- WHAT YOU HAVE TO DO: Output, exactly and in full, only the lines from the one containing "Climbers who secured" to the last line of the data. Pictures should not appear.

- SOURCE DATA:
━━━━━━

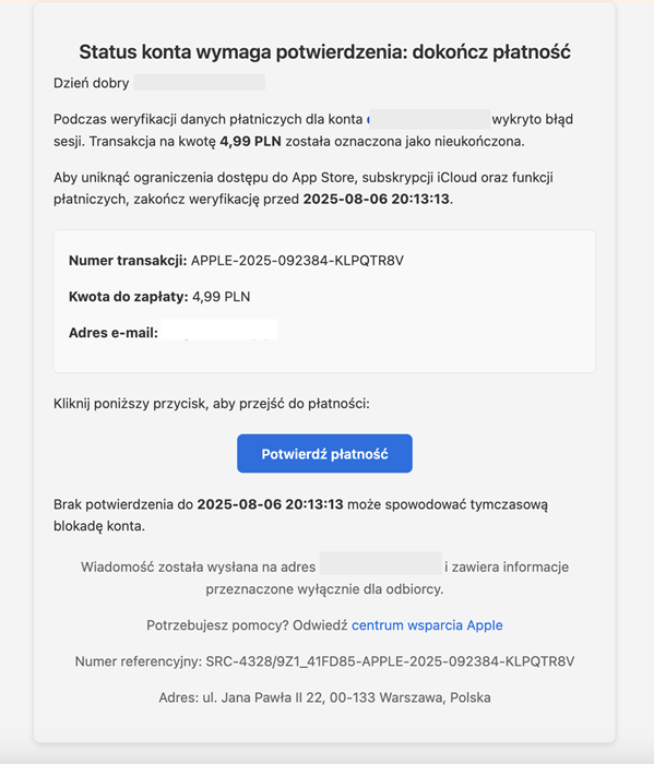 Wiadomość o długu może zmrozić krew w żyłach. Oszuści wysyłają komunikat odnośnie zaległej płatności związanej z Twoim kontem Apple. W związku z tym, żeby nie stracić dostępu, należy kliknąć w załączony link, zalogować się i dokonać drobnej opłaty przez podanie danych swojej karty płatniczej. Cała wiadomość wygląda bardzo wiarygodnie, w treści znajdziemy nawet numer referencyjny i numer faktury do opłacenia.
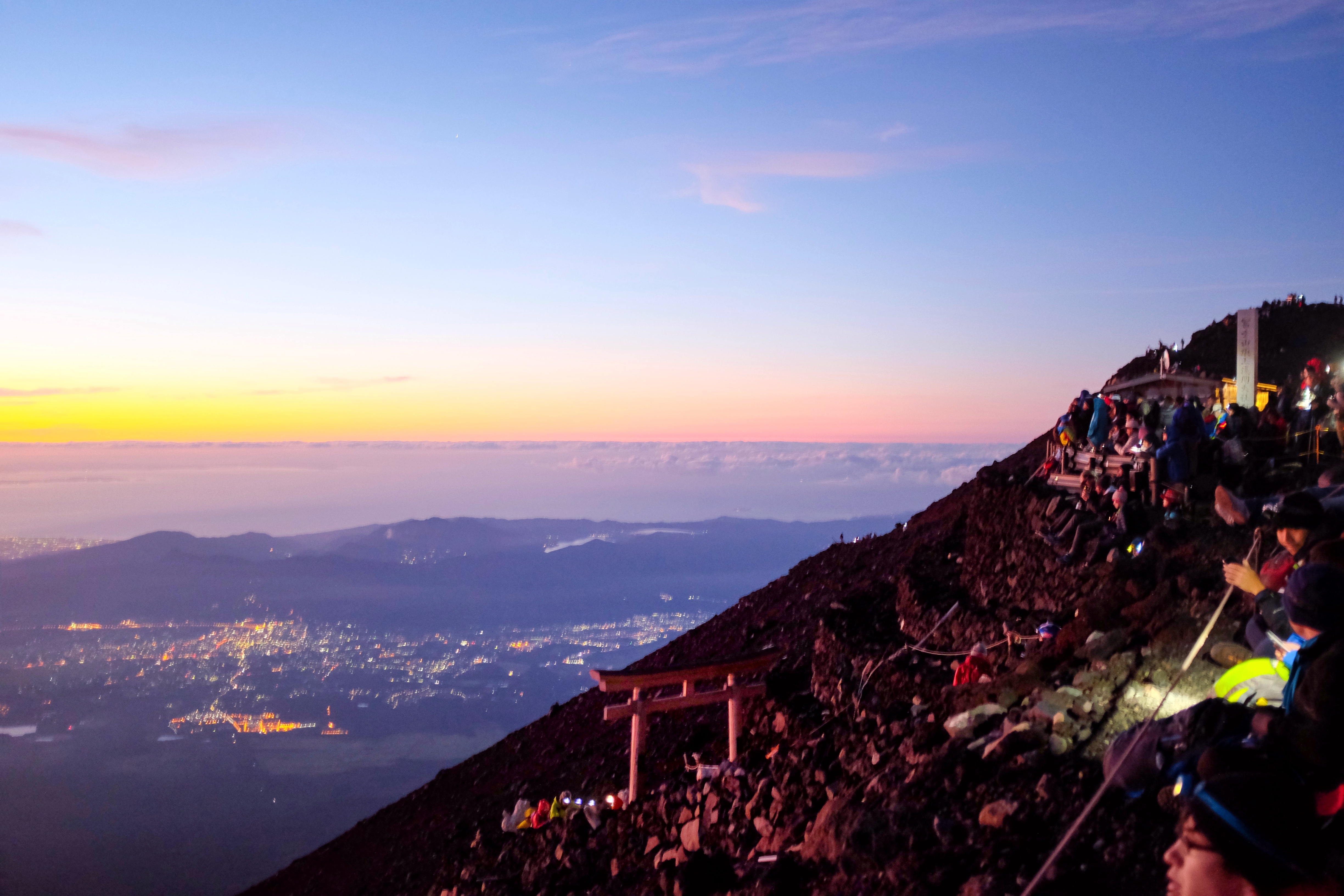Climbers who secured their spots waiting for sunrise at 5am. (Image credit: JAL / Sandy)
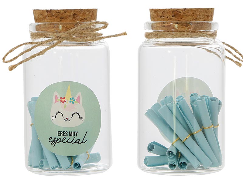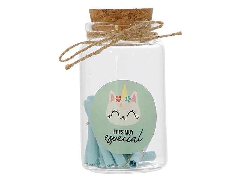Ilumina el día de alguien especial con el bote mensajes - Eres muy especial de ALE-HOP. Con un diseño encantador de 4x9 cm, este botecito contiene pequeños mensajes sorpresa que alegrarán el día. Ideal para decorar cualquier espacio y compartir buenos momentos.

━━━━━━

- RESPONSE TO THE EXERCISE:
Climbers who secured their spots waiting for sunrise at 5am. (Image credit: JAL / Sandy)
Ilumina el día de alguien especial con el bote mensajes - Eres muy especial de ALE-HOP. Con un diseño encantador de 4x9 cm, este botecito contiene pequeños mensajes sorpresa que alegrarán el día. Ideal para decorar cualquier espacio y compartir buenos momentos.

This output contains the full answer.